*Your assignment*: The lines below should be written out again in full, exactly as they are.

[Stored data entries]
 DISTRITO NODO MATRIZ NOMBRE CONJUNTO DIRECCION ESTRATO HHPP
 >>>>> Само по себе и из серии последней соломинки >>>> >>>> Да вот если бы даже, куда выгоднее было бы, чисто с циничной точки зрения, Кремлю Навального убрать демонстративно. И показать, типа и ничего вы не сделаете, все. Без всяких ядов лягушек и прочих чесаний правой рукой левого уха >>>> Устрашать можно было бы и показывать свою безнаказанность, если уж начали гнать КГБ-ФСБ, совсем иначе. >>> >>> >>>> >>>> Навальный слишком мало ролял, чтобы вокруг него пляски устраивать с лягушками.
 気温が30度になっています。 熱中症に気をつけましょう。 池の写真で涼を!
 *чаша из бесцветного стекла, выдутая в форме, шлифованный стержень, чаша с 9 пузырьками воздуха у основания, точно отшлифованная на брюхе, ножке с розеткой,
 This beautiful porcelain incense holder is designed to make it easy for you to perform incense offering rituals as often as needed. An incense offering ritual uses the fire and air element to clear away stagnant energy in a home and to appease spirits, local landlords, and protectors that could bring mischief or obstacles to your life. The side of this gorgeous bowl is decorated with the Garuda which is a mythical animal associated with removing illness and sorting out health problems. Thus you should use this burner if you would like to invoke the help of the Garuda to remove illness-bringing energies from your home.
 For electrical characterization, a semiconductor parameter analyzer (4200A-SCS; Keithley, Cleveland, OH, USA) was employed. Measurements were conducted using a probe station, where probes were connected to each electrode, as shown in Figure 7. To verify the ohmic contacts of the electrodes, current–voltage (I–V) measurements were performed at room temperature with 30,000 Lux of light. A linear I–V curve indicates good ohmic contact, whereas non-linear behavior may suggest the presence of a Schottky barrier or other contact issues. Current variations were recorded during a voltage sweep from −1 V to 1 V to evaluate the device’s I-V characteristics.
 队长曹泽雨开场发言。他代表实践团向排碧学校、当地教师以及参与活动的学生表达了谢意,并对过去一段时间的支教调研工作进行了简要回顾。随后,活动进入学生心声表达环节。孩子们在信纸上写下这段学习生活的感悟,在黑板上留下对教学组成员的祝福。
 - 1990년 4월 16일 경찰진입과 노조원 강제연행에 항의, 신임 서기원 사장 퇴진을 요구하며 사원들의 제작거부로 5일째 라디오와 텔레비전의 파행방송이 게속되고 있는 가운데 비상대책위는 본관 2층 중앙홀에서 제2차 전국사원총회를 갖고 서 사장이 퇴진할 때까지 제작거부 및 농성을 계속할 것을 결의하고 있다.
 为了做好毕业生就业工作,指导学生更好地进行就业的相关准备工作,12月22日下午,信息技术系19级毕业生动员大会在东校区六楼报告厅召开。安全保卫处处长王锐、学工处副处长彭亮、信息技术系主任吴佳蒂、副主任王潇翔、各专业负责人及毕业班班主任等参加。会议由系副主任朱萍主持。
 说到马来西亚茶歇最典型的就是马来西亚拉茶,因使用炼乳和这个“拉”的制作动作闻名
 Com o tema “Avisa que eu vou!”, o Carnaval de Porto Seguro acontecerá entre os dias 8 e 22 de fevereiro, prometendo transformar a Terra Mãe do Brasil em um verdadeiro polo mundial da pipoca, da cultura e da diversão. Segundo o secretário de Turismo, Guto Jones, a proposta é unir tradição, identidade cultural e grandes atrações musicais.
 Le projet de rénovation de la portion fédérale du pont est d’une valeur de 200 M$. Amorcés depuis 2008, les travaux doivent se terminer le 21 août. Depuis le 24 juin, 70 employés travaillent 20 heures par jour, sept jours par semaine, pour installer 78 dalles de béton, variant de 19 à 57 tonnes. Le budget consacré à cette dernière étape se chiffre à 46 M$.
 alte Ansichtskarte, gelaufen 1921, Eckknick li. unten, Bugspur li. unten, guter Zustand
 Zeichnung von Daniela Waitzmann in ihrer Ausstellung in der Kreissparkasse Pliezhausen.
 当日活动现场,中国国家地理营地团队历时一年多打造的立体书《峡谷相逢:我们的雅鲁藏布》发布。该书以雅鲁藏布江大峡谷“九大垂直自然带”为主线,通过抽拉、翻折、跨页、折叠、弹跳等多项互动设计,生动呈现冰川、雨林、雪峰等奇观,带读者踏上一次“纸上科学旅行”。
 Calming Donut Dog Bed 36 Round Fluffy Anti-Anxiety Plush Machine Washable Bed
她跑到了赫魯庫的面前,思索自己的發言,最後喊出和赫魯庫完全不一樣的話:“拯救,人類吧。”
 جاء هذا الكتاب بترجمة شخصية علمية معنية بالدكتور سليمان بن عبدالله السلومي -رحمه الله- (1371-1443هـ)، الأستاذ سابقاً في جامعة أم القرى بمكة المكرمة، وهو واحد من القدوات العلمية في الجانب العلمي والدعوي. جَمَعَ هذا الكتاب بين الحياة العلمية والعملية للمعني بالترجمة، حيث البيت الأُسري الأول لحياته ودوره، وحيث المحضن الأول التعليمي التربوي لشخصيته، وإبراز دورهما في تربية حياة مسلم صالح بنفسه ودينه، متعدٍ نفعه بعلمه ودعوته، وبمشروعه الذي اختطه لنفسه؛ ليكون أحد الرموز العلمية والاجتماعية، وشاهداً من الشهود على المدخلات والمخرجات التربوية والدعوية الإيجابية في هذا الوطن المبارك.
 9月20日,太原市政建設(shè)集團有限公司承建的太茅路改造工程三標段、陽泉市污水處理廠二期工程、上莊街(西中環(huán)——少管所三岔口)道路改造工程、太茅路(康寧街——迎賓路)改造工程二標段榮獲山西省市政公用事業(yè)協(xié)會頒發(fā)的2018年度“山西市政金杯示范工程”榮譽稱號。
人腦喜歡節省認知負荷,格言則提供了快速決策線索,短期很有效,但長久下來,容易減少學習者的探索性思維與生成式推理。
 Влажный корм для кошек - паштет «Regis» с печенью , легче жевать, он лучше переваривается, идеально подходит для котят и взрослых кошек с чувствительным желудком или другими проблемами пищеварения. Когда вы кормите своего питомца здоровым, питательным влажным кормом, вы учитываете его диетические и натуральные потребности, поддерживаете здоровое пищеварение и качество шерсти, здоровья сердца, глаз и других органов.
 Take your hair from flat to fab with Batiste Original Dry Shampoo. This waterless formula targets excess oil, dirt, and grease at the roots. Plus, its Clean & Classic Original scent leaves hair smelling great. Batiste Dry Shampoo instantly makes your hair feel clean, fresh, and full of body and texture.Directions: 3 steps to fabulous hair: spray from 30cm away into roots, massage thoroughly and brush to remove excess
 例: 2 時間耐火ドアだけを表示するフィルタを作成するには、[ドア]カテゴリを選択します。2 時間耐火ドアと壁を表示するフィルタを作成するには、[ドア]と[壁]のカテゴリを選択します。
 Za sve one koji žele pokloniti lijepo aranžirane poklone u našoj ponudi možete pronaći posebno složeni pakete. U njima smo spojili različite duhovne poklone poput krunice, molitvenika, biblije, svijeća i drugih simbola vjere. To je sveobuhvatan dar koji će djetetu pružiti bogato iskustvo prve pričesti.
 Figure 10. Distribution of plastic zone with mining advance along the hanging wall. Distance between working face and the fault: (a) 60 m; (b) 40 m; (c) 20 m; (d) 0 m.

*Written answer*:
 DISTRITO NODO MATRIZ NOMBRE CONJUNTO DIRECCION ESTRATO HHPP
 >>>>> Само по себе и из серии последней соломинки >>>> >>>> Да вот если бы даже, куда выгоднее было бы, чисто с циничной точки зрения, Кремлю Навального убрать демонстративно. И показать, типа и ничего вы не сделаете, все. Без всяких ядов лягушек и прочих чесаний правой рукой левого уха >>>> Устрашать можно было бы и показывать свою безнаказанность, если уж начали гнать КГБ-ФСБ, совсем иначе. >>> >>> >>>> >>>> Навальный слишком мало ролял, чтобы вокруг него пляски устраивать с лягушками.
 気温が30度になっています。 熱中症に気をつけましょう。 池の写真で涼を!
 *чаша из бесцветного стекла, выдутая в форме, шлифованный стержень, чаша с 9 пузырьками воздуха у основания, точно отшлифованная на брюхе, ножке с розеткой,
 This beautiful porcelain incense holder is designed to make it easy for you to perform incense offering rituals as often as needed. An incense offering ritual uses the fire and air element to clear away stagnant energy in a home and to appease spirits, local landlords, and protectors that could bring mischief or obstacles to your life. The side of this gorgeous bowl is decorated with the Garuda which is a mythical animal associated with removing illness and sorting out health problems. Thus you should use this burner if you would like to invoke the help of the Garuda to remove illness-bringing energies from your home.
 For electrical characterization, a semiconductor parameter analyzer (4200A-SCS; Keithley, Cleveland, OH, USA) was employed. Measurements were conducted using a probe station, where probes were connected to each electrode, as shown in Figure 7. To verify the ohmic contacts of the electrodes, current–voltage (I–V) measurements were performed at room temperature with 30,000 Lux of light. A linear I–V curve indicates good ohmic contact, whereas non-linear behavior may suggest the presence of a Schottky barrier or other contact issues. Current variations were recorded during a voltage sweep from −1 V to 1 V to evaluate the device’s I-V characteristics.
 队长曹泽雨开场发言。他代表实践团向排碧学校、当地教师以及参与活动的学生表达了谢意,并对过去一段时间的支教调研工作进行了简要回顾。随后,活动进入学生心声表达环节。孩子们在信纸上写下这段学习生活的感悟,在黑板上留下对教学组成员的祝福。
 - 1990년 4월 16일 경찰진입과 노조원 강제연행에 항의, 신임 서기원 사장 퇴진을 요구하며 사원들의 제작거부로 5일째 라디오와 텔레비전의 파행방송이 게속되고 있는 가운데 비상대책위는 본관 2층 중앙홀에서 제2차 전국사원총회를 갖고 서 사장이 퇴진할 때까지 제작거부 및 농성을 계속할 것을 결의하고 있다.
 为了做好毕业生就业工作,指导学生更好地进行就业的相关准备工作,12月22日下午,信息技术系19级毕业生动员大会在东校区六楼报告厅召开。安全保卫处处长王锐、学工处副处长彭亮、信息技术系主任吴佳蒂、副主任王潇翔、各专业负责人及毕业班班主任等参加。会议由系副主任朱萍主持。
 说到马来西亚茶歇最典型的就是马来西亚拉茶,因使用炼乳和这个“拉”的制作动作闻名
 Com o tema “Avisa que eu vou!”, o Carnaval de Porto Seguro acontecerá entre os dias 8 e 22 de fevereiro, prometendo transformar a Terra Mãe do Brasil em um verdadeiro polo mundial da pipoca, da cultura e da diversão. Segundo o secretário de Turismo, Guto Jones, a proposta é unir tradição, identidade cultural e grandes atrações musicais.
 Le projet de rénovation de la portion fédérale du pont est d’une valeur de 200 M$. Amorcés depuis 2008, les travaux doivent se terminer le 21 août. Depuis le 24 juin, 70 employés travaillent 20 heures par jour, sept jours par semaine, pour installer 78 dalles de béton, variant de 19 à 57 tonnes. Le budget consacré à cette dernière étape se chiffre à 46 M$.
 alte Ansichtskarte, gelaufen 1921, Eckknick li. unten, Bugspur li. unten, guter Zustand
 Zeichnung von Daniela Waitzmann in ihrer Ausstellung in der Kreissparkasse Pliezhausen.
 当日活动现场,中国国家地理营地团队历时一年多打造的立体书《峡谷相逢:我们的雅鲁藏布》发布。该书以雅鲁藏布江大峡谷“九大垂直自然带”为主线,通过抽拉、翻折、跨页、折叠、弹跳等多项互动设计,生动呈现冰川、雨林、雪峰等奇观,带读者踏上一次“纸上科学旅行”。
 Calming Donut Dog Bed 36 Round Fluffy Anti-Anxiety Plush Machine Washable Bed
她跑到了赫魯庫的面前,思索自己的發言,最後喊出和赫魯庫完全不一樣的話:“拯救,人類吧。”
 جاء هذا الكتاب بترجمة شخصية علمية معنية بالدكتور سليمان بن عبدالله السلومي -رحمه الله- (1371-1443هـ)، الأستاذ سابقاً في جامعة أم القرى بمكة المكرمة، وهو واحد من القدوات العلمية في الجانب العلمي والدعوي. جَمَعَ هذا الكتاب بين الحياة العلمية والعملية للمعني بالترجمة، حيث البيت الأُسري الأول لحياته ودوره، وحيث المحضن الأول التعليمي التربوي لشخصيته، وإبراز دورهما في تربية حياة مسلم صالح بنفسه ودينه، متعدٍ نفعه بعلمه ودعوته، وبمشروعه الذي اختطه لنفسه؛ ليكون أحد الرموز العلمية والاجتماعية، وشاهداً من الشهود على المدخلات والمخرجات التربوية والدعوية الإيجابية في هذا الوطن المبارك.
 9月20日,太原市政建設(shè)集團有限公司承建的太茅路改造工程三標段、陽泉市污水處理廠二期工程、上莊街(西中環(huán)——少管所三岔口)道路改造工程、太茅路(康寧街——迎賓路)改造工程二標段榮獲山西省市政公用事業(yè)協(xié)會頒發(fā)的2018年度“山西市政金杯示范工程”榮譽稱號。
人腦喜歡節省認知負荷,格言則提供了快速決策線索,短期很有效,但長久下來,容易減少學習者的探索性思維與生成式推理。
 Влажный корм для кошек - паштет «Regis» с печенью , легче жевать, он лучше переваривается, идеально подходит для котят и взрослых кошек с чувствительным желудком или другими проблемами пищеварения. Когда вы кормите своего питомца здоровым, питательным влажным кормом, вы учитываете его диетические и натуральные потребности, поддерживаете здоровое пищеварение и качество шерсти, здоровья сердца, глаз и других органов.
 Take your hair from flat to fab with Batiste Original Dry Shampoo. This waterless formula targets excess oil, dirt, and grease at the roots. Plus, its Clean & Classic Original scent leaves hair smelling great. Batiste Dry Shampoo instantly makes your hair feel clean, fresh, and full of body and texture.Directions: 3 steps to fabulous hair: spray from 30cm away into roots, massage thoroughly and brush to remove excess
 例: 2 時間耐火ドアだけを表示するフィルタを作成するには、[ドア]カテゴリを選択します。2 時間耐火ドアと壁を表示するフィルタを作成するには、[ドア]と[壁]のカテゴリを選択します。
 Za sve one koji žele pokloniti lijepo aranžirane poklone u našoj ponudi možete pronaći posebno složeni pakete. U njima smo spojili različite duhovne poklone poput krunice, molitvenika, biblije, svijeća i drugih simbola vjere. To je sveobuhvatan dar koji će djetetu pružiti bogato iskustvo prve pričesti.
 Figure 10. Distribution of plastic zone with mining advance along the hanging wall. Distance between working face and the fault: (a) 60 m; (b) 40 m; (c) 20 m; (d) 0 m.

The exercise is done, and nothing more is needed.